Все стало «бывшим». В дедушкиных комнатах хозяйничали чужие. Они разместились и в небольшом светлом домике по соседству, в котором раньше жил шофер Василий Васильевич с Шуриком.
Сейчас Шурик переселился на другой конец города, к дальним родственникам, а его отец перед самым приходом фашистов куда-то исчез. Может, ушел в армию или уехал из Крыма... Кто знает? В этой сумятице многие пропадали, как иголки в стоге сена. Пропал и любимый учитель географии Дмитрий Николаевич Капустин. Даже не пришел проститься с дедушкой. Таня знала, что у Дмитрия Николаевича закрытая форма туберкулеза. Жив ли он? Сумел ли перенести холода и голод?
Она почувствовала противную слабость в ногах. Поставив ведро на землю, девочка вытерла пот со лба, села на камень. Не стоит показываться дедушке в таком виде.
Майор спустился, сел в машину, уехал в штаб. Наверно, опять оставил недоеденный завтрак на столе. Таня не раз слышала громкие жалобы Хеслена на то, что «в этой дыре совсем нет аппетита».
Нет аппетита! А кругом столько голодных!.. Маленький Сеня Ковров, что живет с матерью напротив, похудел, страшно смотреть. Таня гневно сжала кулаки.

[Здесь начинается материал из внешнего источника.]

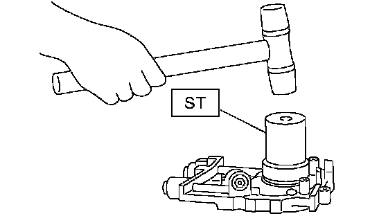 ^ When installing oil pump to cylinder block, do not damage oil seal.

Интересно, что сегодня принесет Ян? По утрам мальчик помогал солдатскому повару «кухарить», и тот разрешал брать кости и объедки домой. Это служило подспорьем не только для четвероногих.
Как трудно стало жить!
А ведь когда началась война и ребята вернулись из Севастополя, жизнь шла почти по-старому. Были даже радости. Проездом побывал у них моряк с теплохода «Богдан Хмельницкий». Тот самый Женя Пятков, посылку которого дядя Боря передал в цирк. Женя ехал с каким-то трудным и сложным поручением в Новороссийск. Но, главное, он видел дядю Борю, работал с ним, привез от него весточку.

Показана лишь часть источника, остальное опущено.